Magnetic tunnel junctions form part of the exciting field of spintronics. In this field, nanostructured magnetic materials are employed for functional devices where both the charge and the spin are explicitly exploited in electron transport. Magnetic junctions offer a number of unique opportunities for investigating novel effects in physics and have led to several new research directions in spintronics. Equally important is the fact that magnetic junctions represent excellent materials for exploring novel and superior types of devices. The physics of spin-dependent tunneling in magnetic tunnel junctions is reviewed in Chapter 1, concentrating on ferromagnetic layers separated by an ultrathin insulating barrier. The tunneling current between the ferromagnetic electrodes in these junctions depends strongly on an external magnetic field and as such lends itself to novel applications in the fields of magnetic media and data storage. Followed by a short introduction on the background and the elementary principles of magnetoresistance and spin polarization in magnetic tunnel junctions, the author discusses basic and magnetic transport phenomena, emphasizing the critical role of the preparation and properties of the tunnel barriers.
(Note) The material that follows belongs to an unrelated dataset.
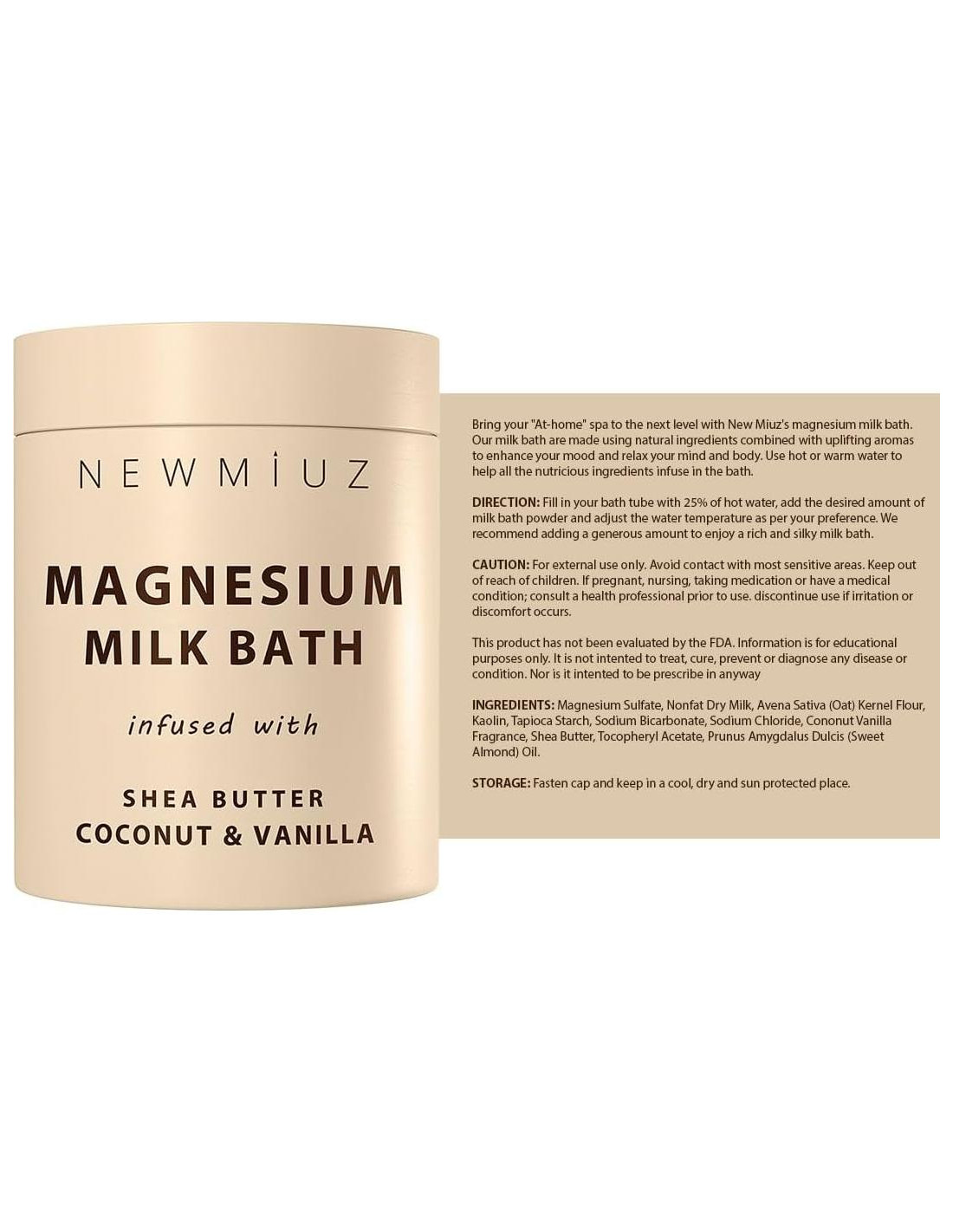 - Set de Regalo de Polvo de Leche de Baño de Magnesio 100% Natural para Mujeres - Infundido con aceites esenciales de aromaterapia como la vainilla que promueven la tranquilidad y el sueño profundo; un excelente regalo de alivio del estrés para tus seres queridos y uno de nuestros mejores productos de baño relajantes. Sal de magnesio de rápida absorción en tu piel sin ningún residuo graso o pegajoso. Tamaño (300 Gramos)

Later on, key ingredients to understand tunneling spin polarization are introduced in relation to experiments using superconducting probe layers. The author also discusses a number of crucial results directly addressing the underlying physics of spin tunneling and the role played by the polarization of the ferromagnetic electrodes. Apart from Al2O3, the successful use of alternative crystalline barriers such as SrTiO3 and MgO is discussed.

With decreasing size of magnetic elements in magnetic storage media, read heads, and MRAM elements, the time and energy necessary for reading and writing magnetic domains have become of paramount importance and are studied intensively worldwide. A concept of substantial impact is that of spin-accumulation, i.e. a non-equilibrium magnetization that is injected electrically into a non-magnetic material from a ferromagnetic contact by an applied voltage. A breakthrough in magnetoelectronics is the observation of current-induced magnetization reversal in several types of layered structures. This effect finds its origin in the transfer of spin angular momentum by the applied current. On the other hand, magnetization dynamics induces spin currents into a conducting heterostructure. These novel effects couple the magnetization dynamics in hybrid devices with internal and applied spin and charge currents. The time-dependent properties become non-local, meaning that they are not a property of a single ferromagnetic element, but depend on the whole magnetically active region of the device. Recent progress in understanding the magnetization dynamics in ferromagnetic hybrid structures is presented in Chapter 2.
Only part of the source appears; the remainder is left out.